### PROBLEM STATEMENT
Set down exactly the lines from the first line of the records through the line that contains "Saat itu saya", and leave every picture out.

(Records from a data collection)

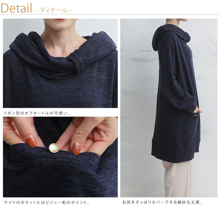 個性的なネックデザインがおしゃれ♪リボンオフタートルポケット付きチュニック
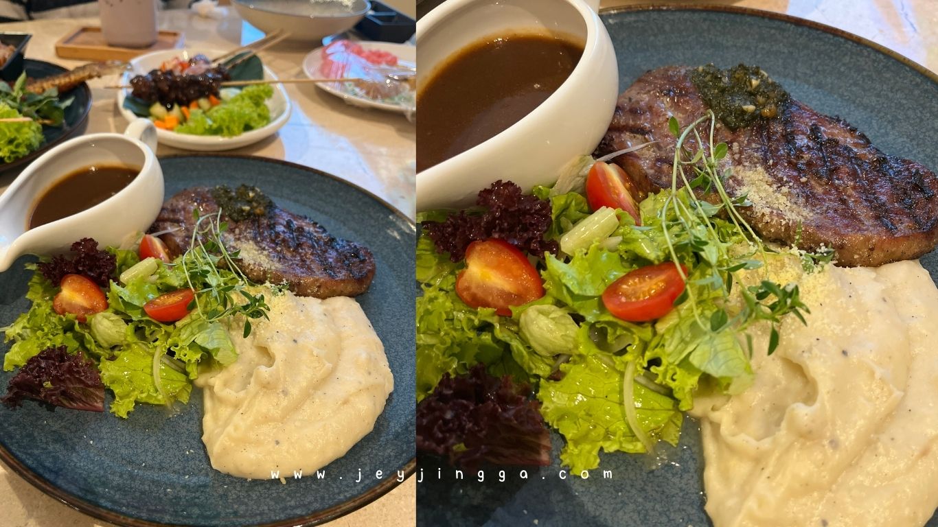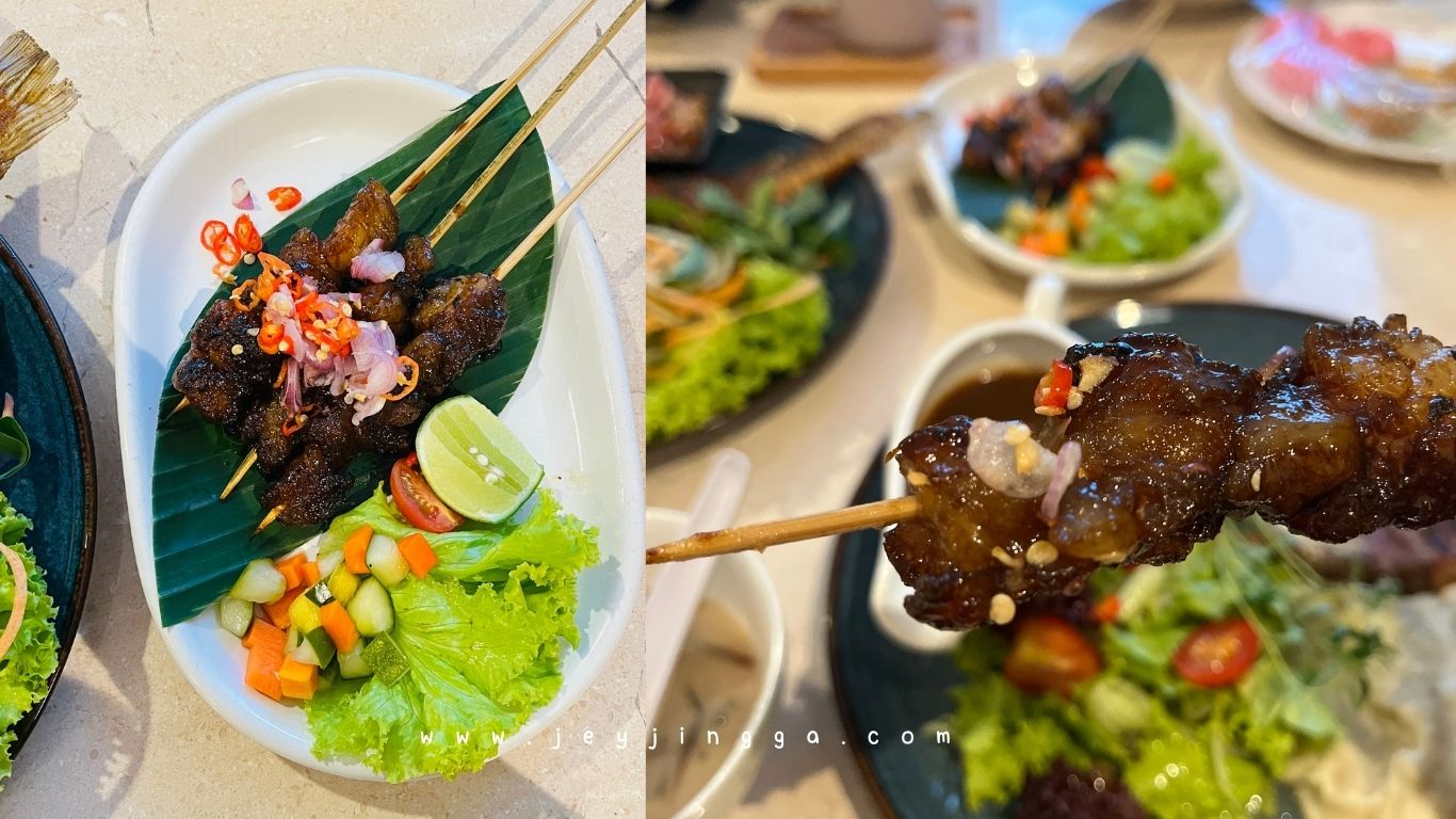 Saat itu saya memesan mie goreng (comfort foodnya bocil), ginger frizz yang cocok untuk tenggorokan sang suami yang malamnya harus jadi imam, sate lemak dengan porsi dan komposisi yang pas (tidak terlalu pedas dan bumbunya meresap banget), lalu ayam krispi sambal embe yang enak banget dijadiin snack setelah tarawih (karena saya bawa pulang), ditambah kakap bakar bumbu jimbaran, nasi putih dan shirloin steak welldone yang bikin anak dan suami saya ngga berhenti mengunyah. Semuanya habis dilahap!
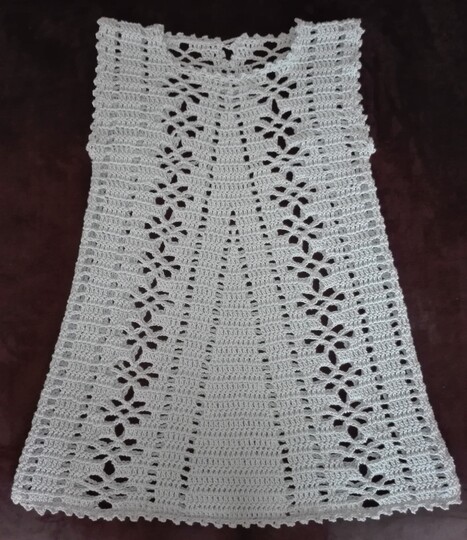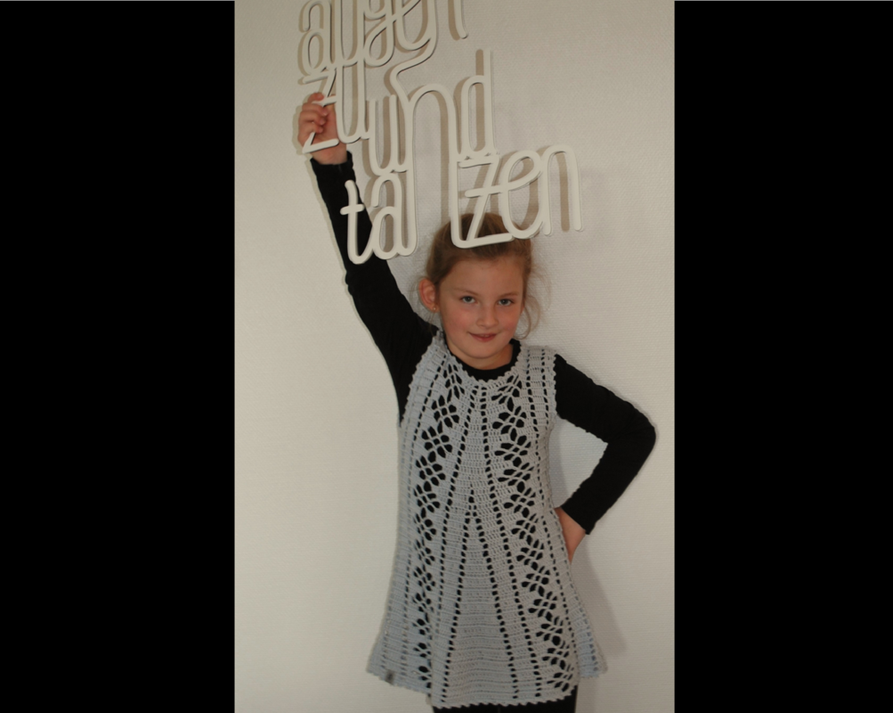 Das Grundmuster des Kleidchens besteht aus Stäbchen, wobei Vorder- und Rückenteil von 2 vertikalen, zum Hals hin spitz zulaufenden Musterstreifen, durchzogen werden. Verschlossen wird es im Nacken mit einem Holzknopf und einer Knopfschlinge.
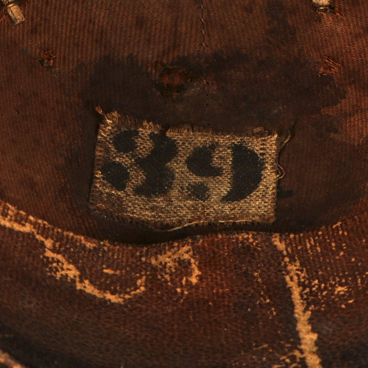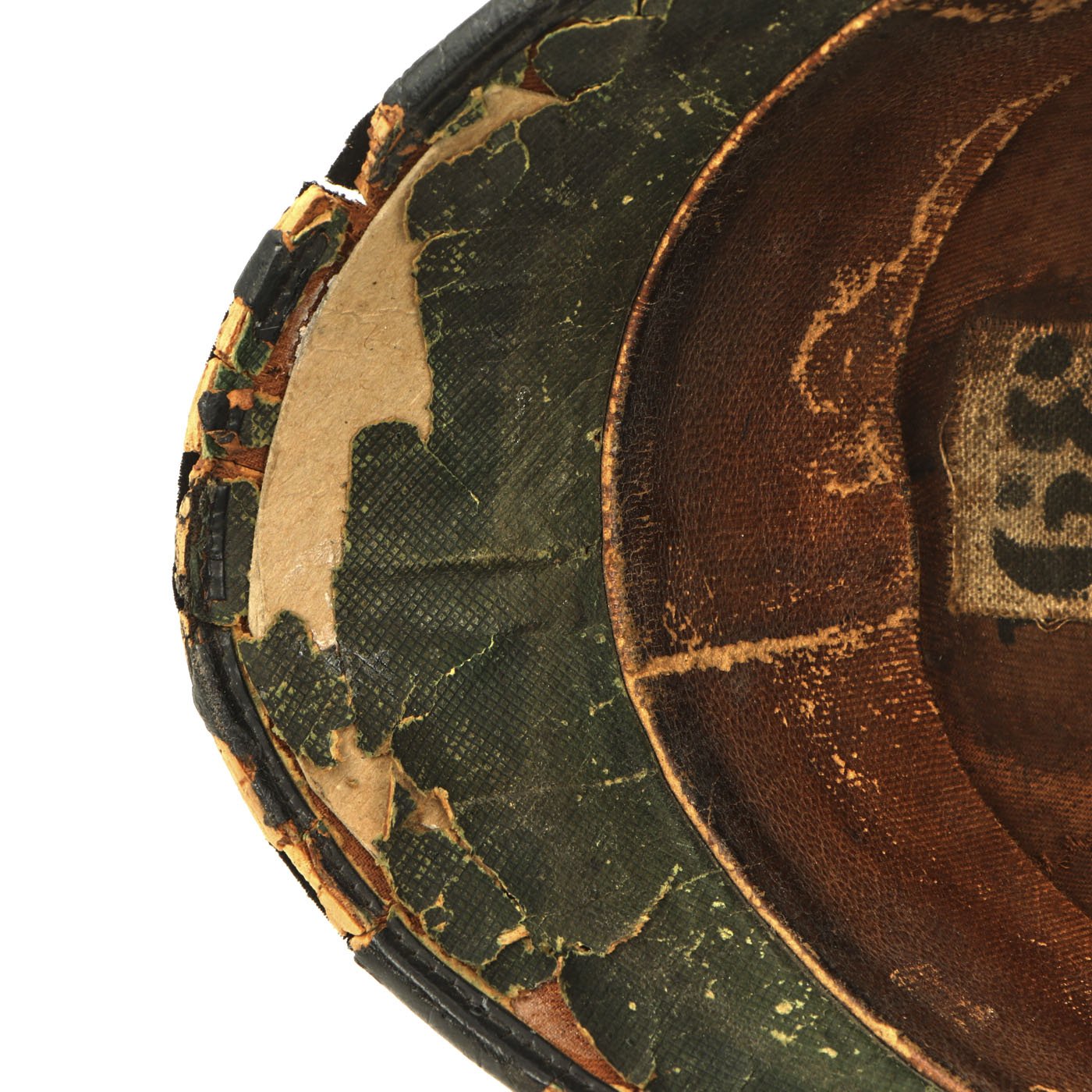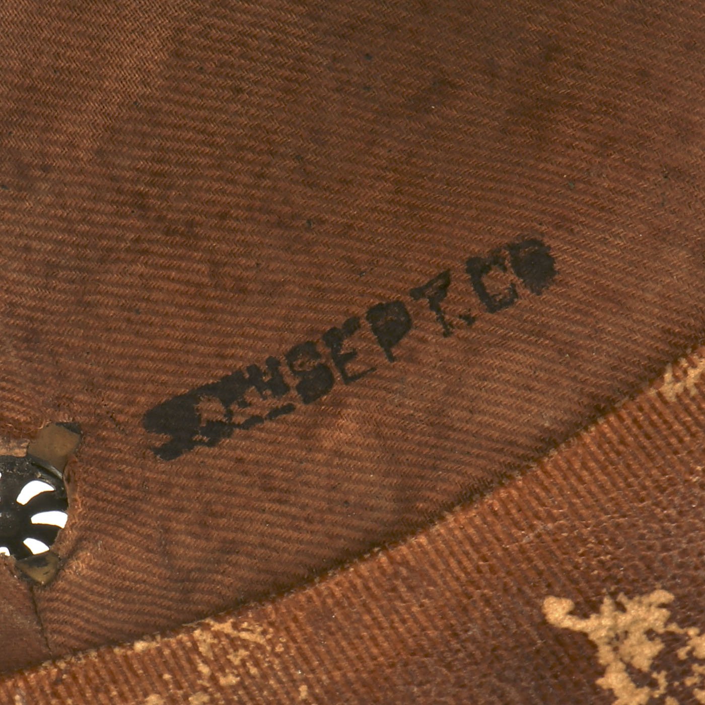 The brass ring chin scales are unfortunately completely missing, and the interior liner is somewhat worn, with a few small tears. However it still retains the infantry "crossed rifles" chin scale hangers on the sides, as well as the "Shield" hanger on the rear.
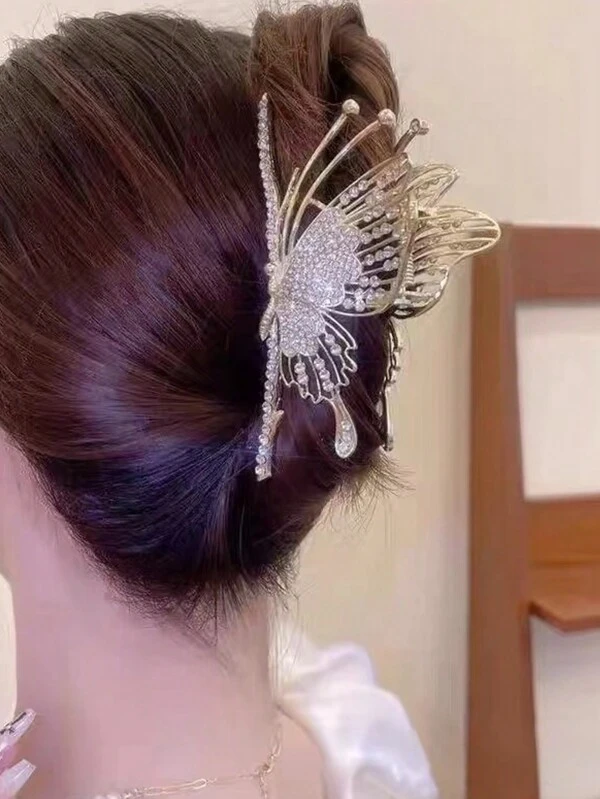 1pc New Rhinestone Butterfly Hair Clip For Women, Large Hair Claw For Ponytail, Ancient Style Hair Accessory, Shark Clip
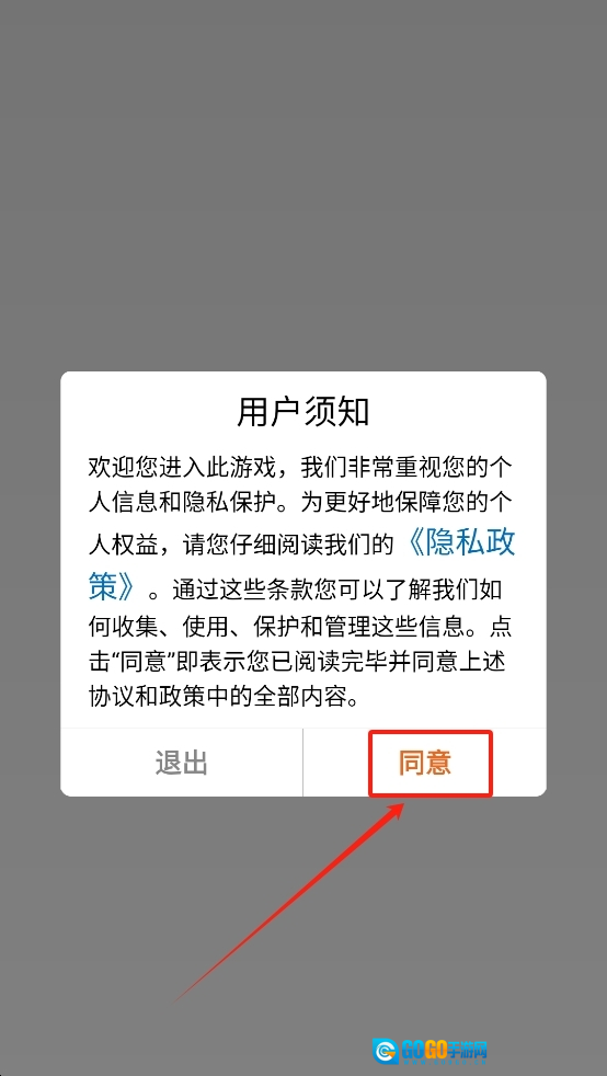 1、首先,阅读并同意用户须知,点击“同意”按钮以继续游戏。

### EXPECTED ANSWER
 個性的なネックデザインがおしゃれ♪リボンオフタートルポケット付きチュニック
 Saat itu saya memesan mie goreng (comfort foodnya bocil), ginger frizz yang cocok untuk tenggorokan sang suami yang malamnya harus jadi imam, sate lemak dengan porsi dan komposisi yang pas (tidak terlalu pedas dan bumbunya meresap banget), lalu ayam krispi sambal embe yang enak banget dijadiin snack setelah tarawih (karena saya bawa pulang), ditambah kakap bakar bumbu jimbaran, nasi putih dan shirloin steak welldone yang bikin anak dan suami saya ngga berhenti mengunyah. Semuanya habis dilahap!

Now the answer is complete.